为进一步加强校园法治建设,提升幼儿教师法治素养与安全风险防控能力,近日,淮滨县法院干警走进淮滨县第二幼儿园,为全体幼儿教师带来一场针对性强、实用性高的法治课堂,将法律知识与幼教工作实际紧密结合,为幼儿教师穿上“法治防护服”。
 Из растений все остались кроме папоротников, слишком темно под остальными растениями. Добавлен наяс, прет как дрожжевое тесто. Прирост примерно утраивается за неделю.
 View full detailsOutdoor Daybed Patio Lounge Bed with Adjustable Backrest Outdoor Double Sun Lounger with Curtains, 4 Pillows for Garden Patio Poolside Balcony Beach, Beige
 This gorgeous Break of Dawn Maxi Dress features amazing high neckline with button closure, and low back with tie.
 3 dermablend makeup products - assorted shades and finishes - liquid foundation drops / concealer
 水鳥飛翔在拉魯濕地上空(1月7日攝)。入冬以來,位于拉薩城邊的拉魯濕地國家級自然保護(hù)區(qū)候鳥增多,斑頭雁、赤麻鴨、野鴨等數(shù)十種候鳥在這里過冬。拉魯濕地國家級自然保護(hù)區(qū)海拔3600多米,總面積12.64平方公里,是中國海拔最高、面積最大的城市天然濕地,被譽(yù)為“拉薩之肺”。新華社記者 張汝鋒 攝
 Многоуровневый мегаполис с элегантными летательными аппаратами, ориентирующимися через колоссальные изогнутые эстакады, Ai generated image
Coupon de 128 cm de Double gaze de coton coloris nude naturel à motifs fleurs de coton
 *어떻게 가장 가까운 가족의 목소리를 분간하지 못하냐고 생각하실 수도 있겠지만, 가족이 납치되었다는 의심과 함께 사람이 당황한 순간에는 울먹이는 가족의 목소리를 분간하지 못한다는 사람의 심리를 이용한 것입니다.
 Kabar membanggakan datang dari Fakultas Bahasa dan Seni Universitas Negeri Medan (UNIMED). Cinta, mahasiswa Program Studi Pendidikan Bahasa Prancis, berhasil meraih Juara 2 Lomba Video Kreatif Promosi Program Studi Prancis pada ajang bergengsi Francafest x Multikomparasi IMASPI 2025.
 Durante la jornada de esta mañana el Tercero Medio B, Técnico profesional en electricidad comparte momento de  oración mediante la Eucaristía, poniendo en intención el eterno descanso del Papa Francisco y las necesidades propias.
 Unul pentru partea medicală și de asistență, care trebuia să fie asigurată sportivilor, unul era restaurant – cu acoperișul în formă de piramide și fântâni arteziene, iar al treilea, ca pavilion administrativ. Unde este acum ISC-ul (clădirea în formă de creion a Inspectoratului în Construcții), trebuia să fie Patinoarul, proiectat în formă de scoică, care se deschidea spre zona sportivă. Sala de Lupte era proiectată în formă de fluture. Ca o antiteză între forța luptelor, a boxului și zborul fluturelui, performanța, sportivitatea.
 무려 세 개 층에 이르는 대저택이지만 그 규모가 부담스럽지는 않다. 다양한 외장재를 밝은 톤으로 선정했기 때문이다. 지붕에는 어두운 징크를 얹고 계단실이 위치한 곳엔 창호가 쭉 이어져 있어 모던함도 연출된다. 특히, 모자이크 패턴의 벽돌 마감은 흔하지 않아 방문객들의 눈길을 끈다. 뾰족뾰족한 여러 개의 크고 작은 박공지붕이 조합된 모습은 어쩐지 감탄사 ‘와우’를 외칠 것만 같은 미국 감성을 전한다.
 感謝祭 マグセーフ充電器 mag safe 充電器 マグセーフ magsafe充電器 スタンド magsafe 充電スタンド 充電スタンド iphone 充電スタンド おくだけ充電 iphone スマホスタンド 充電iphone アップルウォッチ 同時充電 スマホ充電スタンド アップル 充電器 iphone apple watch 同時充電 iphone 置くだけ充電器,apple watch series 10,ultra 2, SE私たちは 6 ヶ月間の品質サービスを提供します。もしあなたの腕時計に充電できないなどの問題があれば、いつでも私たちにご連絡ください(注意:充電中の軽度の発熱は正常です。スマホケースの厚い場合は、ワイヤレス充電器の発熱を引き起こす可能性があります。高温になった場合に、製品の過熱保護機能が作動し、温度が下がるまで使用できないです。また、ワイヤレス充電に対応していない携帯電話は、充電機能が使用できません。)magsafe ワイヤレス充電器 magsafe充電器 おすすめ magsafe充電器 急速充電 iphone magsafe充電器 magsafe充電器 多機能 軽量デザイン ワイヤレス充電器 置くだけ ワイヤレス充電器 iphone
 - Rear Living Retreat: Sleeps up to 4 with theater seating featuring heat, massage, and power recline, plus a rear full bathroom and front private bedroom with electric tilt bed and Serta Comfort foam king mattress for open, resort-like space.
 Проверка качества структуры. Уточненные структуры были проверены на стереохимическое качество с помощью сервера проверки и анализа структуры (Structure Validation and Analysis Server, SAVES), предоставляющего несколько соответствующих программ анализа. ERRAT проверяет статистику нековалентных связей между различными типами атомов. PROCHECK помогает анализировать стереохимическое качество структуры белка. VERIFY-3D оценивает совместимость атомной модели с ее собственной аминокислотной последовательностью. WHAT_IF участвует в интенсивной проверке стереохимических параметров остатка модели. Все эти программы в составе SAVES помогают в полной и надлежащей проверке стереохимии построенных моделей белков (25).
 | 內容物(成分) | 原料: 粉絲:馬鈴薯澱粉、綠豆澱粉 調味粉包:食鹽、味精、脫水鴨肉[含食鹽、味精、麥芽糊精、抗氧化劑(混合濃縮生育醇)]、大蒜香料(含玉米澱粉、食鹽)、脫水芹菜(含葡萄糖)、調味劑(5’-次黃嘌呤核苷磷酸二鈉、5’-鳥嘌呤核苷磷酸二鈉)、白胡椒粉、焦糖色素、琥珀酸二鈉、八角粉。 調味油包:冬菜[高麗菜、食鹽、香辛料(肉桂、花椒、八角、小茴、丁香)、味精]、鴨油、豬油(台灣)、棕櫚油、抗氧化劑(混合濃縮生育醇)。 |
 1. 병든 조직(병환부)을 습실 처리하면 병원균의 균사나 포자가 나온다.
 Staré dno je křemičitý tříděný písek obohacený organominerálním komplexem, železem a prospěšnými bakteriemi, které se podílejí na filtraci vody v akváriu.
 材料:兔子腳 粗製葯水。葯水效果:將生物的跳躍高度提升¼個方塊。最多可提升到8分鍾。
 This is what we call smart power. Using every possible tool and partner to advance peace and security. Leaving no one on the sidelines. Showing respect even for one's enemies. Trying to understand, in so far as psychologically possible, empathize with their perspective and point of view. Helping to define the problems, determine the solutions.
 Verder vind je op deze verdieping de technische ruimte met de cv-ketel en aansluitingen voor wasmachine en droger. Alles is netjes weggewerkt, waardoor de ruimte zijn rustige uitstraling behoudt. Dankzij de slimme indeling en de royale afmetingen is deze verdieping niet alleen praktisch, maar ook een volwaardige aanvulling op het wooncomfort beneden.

-*-*-

§ EXERCISE OBJECTIVE
All of the material must be written out again without any change.

§ SOLUTION FOR THIS EXERCISE
为进一步加强校园法治建设,提升幼儿教师法治素养与安全风险防控能力,近日,淮滨县法院干警走进淮滨县第二幼儿园,为全体幼儿教师带来一场针对性强、实用性高的法治课堂,将法律知识与幼教工作实际紧密结合,为幼儿教师穿上“法治防护服”。
 Из растений все остались кроме папоротников, слишком темно под остальными растениями. Добавлен наяс, прет как дрожжевое тесто. Прирост примерно утраивается за неделю.
 View full detailsOutdoor Daybed Patio Lounge Bed with Adjustable Backrest Outdoor Double Sun Lounger with Curtains, 4 Pillows for Garden Patio Poolside Balcony Beach, Beige
 This gorgeous Break of Dawn Maxi Dress features amazing high neckline with button closure, and low back with tie.
 3 dermablend makeup products - assorted shades and finishes - liquid foundation drops / concealer
 水鳥飛翔在拉魯濕地上空(1月7日攝)。入冬以來,位于拉薩城邊的拉魯濕地國家級自然保護(hù)區(qū)候鳥增多,斑頭雁、赤麻鴨、野鴨等數(shù)十種候鳥在這里過冬。拉魯濕地國家級自然保護(hù)區(qū)海拔3600多米,總面積12.64平方公里,是中國海拔最高、面積最大的城市天然濕地,被譽(yù)為“拉薩之肺”。新華社記者 張汝鋒 攝
 Многоуровневый мегаполис с элегантными летательными аппаратами, ориентирующимися через колоссальные изогнутые эстакады, Ai generated image
Coupon de 128 cm de Double gaze de coton coloris nude naturel à motifs fleurs de coton
 *어떻게 가장 가까운 가족의 목소리를 분간하지 못하냐고 생각하실 수도 있겠지만, 가족이 납치되었다는 의심과 함께 사람이 당황한 순간에는 울먹이는 가족의 목소리를 분간하지 못한다는 사람의 심리를 이용한 것입니다.
 Kabar membanggakan datang dari Fakultas Bahasa dan Seni Universitas Negeri Medan (UNIMED). Cinta, mahasiswa Program Studi Pendidikan Bahasa Prancis, berhasil meraih Juara 2 Lomba Video Kreatif Promosi Program Studi Prancis pada ajang bergengsi Francafest x Multikomparasi IMASPI 2025.
 Durante la jornada de esta mañana el Tercero Medio B, Técnico profesional en electricidad comparte momento de  oración mediante la Eucaristía, poniendo en intención el eterno descanso del Papa Francisco y las necesidades propias.
 Unul pentru partea medicală și de asistență, care trebuia să fie asigurată sportivilor, unul era restaurant – cu acoperișul în formă de piramide și fântâni arteziene, iar al treilea, ca pavilion administrativ. Unde este acum ISC-ul (clădirea în formă de creion a Inspectoratului în Construcții), trebuia să fie Patinoarul, proiectat în formă de scoică, care se deschidea spre zona sportivă. Sala de Lupte era proiectată în formă de fluture. Ca o antiteză între forța luptelor, a boxului și zborul fluturelui, performanța, sportivitatea.
 무려 세 개 층에 이르는 대저택이지만 그 규모가 부담스럽지는 않다. 다양한 외장재를 밝은 톤으로 선정했기 때문이다. 지붕에는 어두운 징크를 얹고 계단실이 위치한 곳엔 창호가 쭉 이어져 있어 모던함도 연출된다. 특히, 모자이크 패턴의 벽돌 마감은 흔하지 않아 방문객들의 눈길을 끈다. 뾰족뾰족한 여러 개의 크고 작은 박공지붕이 조합된 모습은 어쩐지 감탄사 ‘와우’를 외칠 것만 같은 미국 감성을 전한다.
 感謝祭 マグセーフ充電器 mag safe 充電器 マグセーフ magsafe充電器 スタンド magsafe 充電スタンド 充電スタンド iphone 充電スタンド おくだけ充電 iphone スマホスタンド 充電iphone アップルウォッチ 同時充電 スマホ充電スタンド アップル 充電器 iphone apple watch 同時充電 iphone 置くだけ充電器,apple watch series 10,ultra 2, SE私たちは 6 ヶ月間の品質サービスを提供します。もしあなたの腕時計に充電できないなどの問題があれば、いつでも私たちにご連絡ください(注意:充電中の軽度の発熱は正常です。スマホケースの厚い場合は、ワイヤレス充電器の発熱を引き起こす可能性があります。高温になった場合に、製品の過熱保護機能が作動し、温度が下がるまで使用できないです。また、ワイヤレス充電に対応していない携帯電話は、充電機能が使用できません。)magsafe ワイヤレス充電器 magsafe充電器 おすすめ magsafe充電器 急速充電 iphone magsafe充電器 magsafe充電器 多機能 軽量デザイン ワイヤレス充電器 置くだけ ワイヤレス充電器 iphone
 - Rear Living Retreat: Sleeps up to 4 with theater seating featuring heat, massage, and power recline, plus a rear full bathroom and front private bedroom with electric tilt bed and Serta Comfort foam king mattress for open, resort-like space.
 Проверка качества структуры. Уточненные структуры были проверены на стереохимическое качество с помощью сервера проверки и анализа структуры (Structure Validation and Analysis Server, SAVES), предоставляющего несколько соответствующих программ анализа. ERRAT проверяет статистику нековалентных связей между различными типами атомов. PROCHECK помогает анализировать стереохимическое качество структуры белка. VERIFY-3D оценивает совместимость атомной модели с ее собственной аминокислотной последовательностью. WHAT_IF участвует в интенсивной проверке стереохимических параметров остатка модели. Все эти программы в составе SAVES помогают в полной и надлежащей проверке стереохимии построенных моделей белков (25).
 | 內容物(成分) | 原料: 粉絲:馬鈴薯澱粉、綠豆澱粉 調味粉包:食鹽、味精、脫水鴨肉[含食鹽、味精、麥芽糊精、抗氧化劑(混合濃縮生育醇)]、大蒜香料(含玉米澱粉、食鹽)、脫水芹菜(含葡萄糖)、調味劑(5’-次黃嘌呤核苷磷酸二鈉、5’-鳥嘌呤核苷磷酸二鈉)、白胡椒粉、焦糖色素、琥珀酸二鈉、八角粉。 調味油包:冬菜[高麗菜、食鹽、香辛料(肉桂、花椒、八角、小茴、丁香)、味精]、鴨油、豬油(台灣)、棕櫚油、抗氧化劑(混合濃縮生育醇)。 |
 1. 병든 조직(병환부)을 습실 처리하면 병원균의 균사나 포자가 나온다.
 Staré dno je křemičitý tříděný písek obohacený organominerálním komplexem, železem a prospěšnými bakteriemi, které se podílejí na filtraci vody v akváriu.
 材料:兔子腳 粗製葯水。葯水效果:將生物的跳躍高度提升¼個方塊。最多可提升到8分鍾。
 This is what we call smart power. Using every possible tool and partner to advance peace and security. Leaving no one on the sidelines. Showing respect even for one's enemies. Trying to understand, in so far as psychologically possible, empathize with their perspective and point of view. Helping to define the problems, determine the solutions.
 Verder vind je op deze verdieping de technische ruimte met de cv-ketel en aansluitingen voor wasmachine en droger. Alles is netjes weggewerkt, waardoor de ruimte zijn rustige uitstraling behoudt. Dankzij de slimme indeling en de royale afmetingen is deze verdieping niet alleen praktisch, maar ook een volwaardige aanvulling op het wooncomfort beneden.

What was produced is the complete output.